Reputation: 113
so i've run into a perplexing issue when utilising the dict.get() method in python in conjunction with a default of a dict[index]:
d = {1: 1}
d2 = {2: 2}
#throws KeyError
d.get(1, d2[1])
i'm a little lost on why this happens....in my mind the d2
index should never be called, given that the key 1 exists in d
. I'm guessing this is an implementation detail i'm missing and can't seem to find more info on.
Is there any help/hope for me?
Upvotes: 0
Views: 83
Reputation: 51093
d.get(1, d2[1])
is not a conditional/branching statement or expression like if
is, it is just a normal method call, so all of the code is evaluated unconditionally.
Before the get
method can be called, its arguments need to be evaluated. d2[1]
is the second argument, so this is evaluated - raising KeyError - before the method is called at all. So this is the expected behaviour, not an implementation detail.
To do what you want, you can use a conditional expression like below, which will only raise KeyError when neither dictionary has the key. The expression d2[1]

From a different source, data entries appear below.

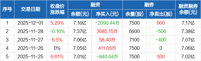 融资方面,当日融资买入1.93亿元,融资偿还2.14亿元,融资净偿还2090.44万元。融券方面,融券卖出900股,融券偿还0股,融券余量7500股,融券余额114.11万元。融资融券余额合计7.17亿元。
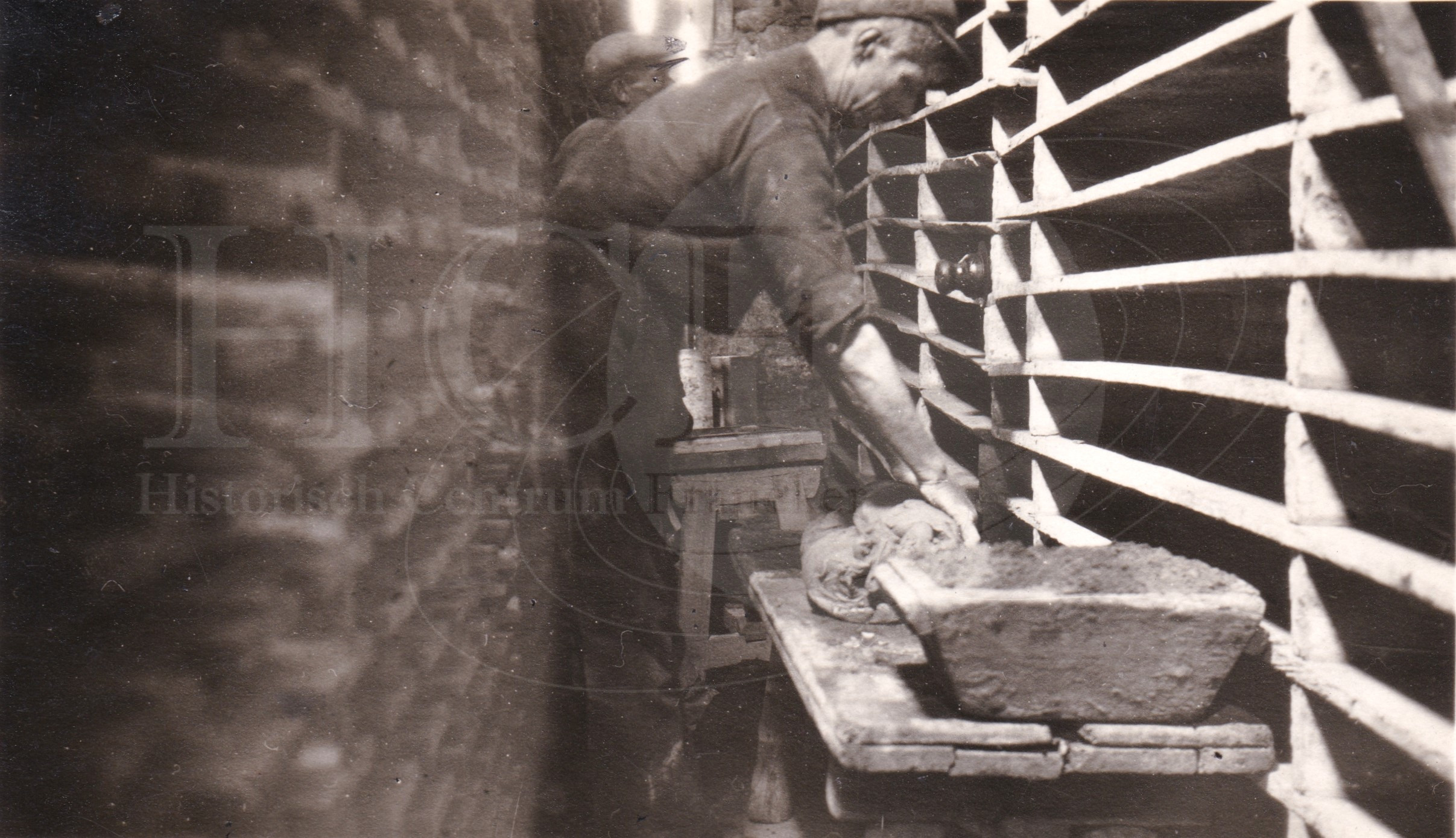 Beschrijving:Twee arbeiders zijn aan het werk op het Panwerk (Dakpan fabriek ) van Fortuin. Kneden van de klei voordat het in een mal word gedrukt.
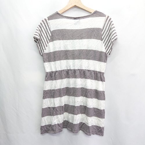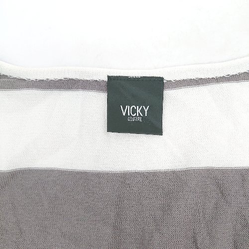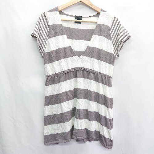◇ ⊂ VICKY ビッキー ボーダー柄 半袖 ニットチュニック サイズ2 ホワイト グレ- レディース E

is not evaluated unless the condition is false, because the if
expression branches.
d[1] if 1 in d else d2[1]
Upvotes: 1
Reputation: 531718
The expressions used for the arguments to get
(or any function) must be evaluated before get
is ever called. Python doesn't have lazy evaluation semantics, and this is part of the language's definition, not an implementation detail of CPython.
Compare this with something like the defaultdict
type, which takes a callable that returns a default value, rather than the default value itself.
defaultdict(lambda: 3) # not defaultdict(3)
defaultdict(int) # not defaultdict(0); int happens to return
# 0 when called with no arguments.
get
, however, expects a value, not a function that can be called to produce a value.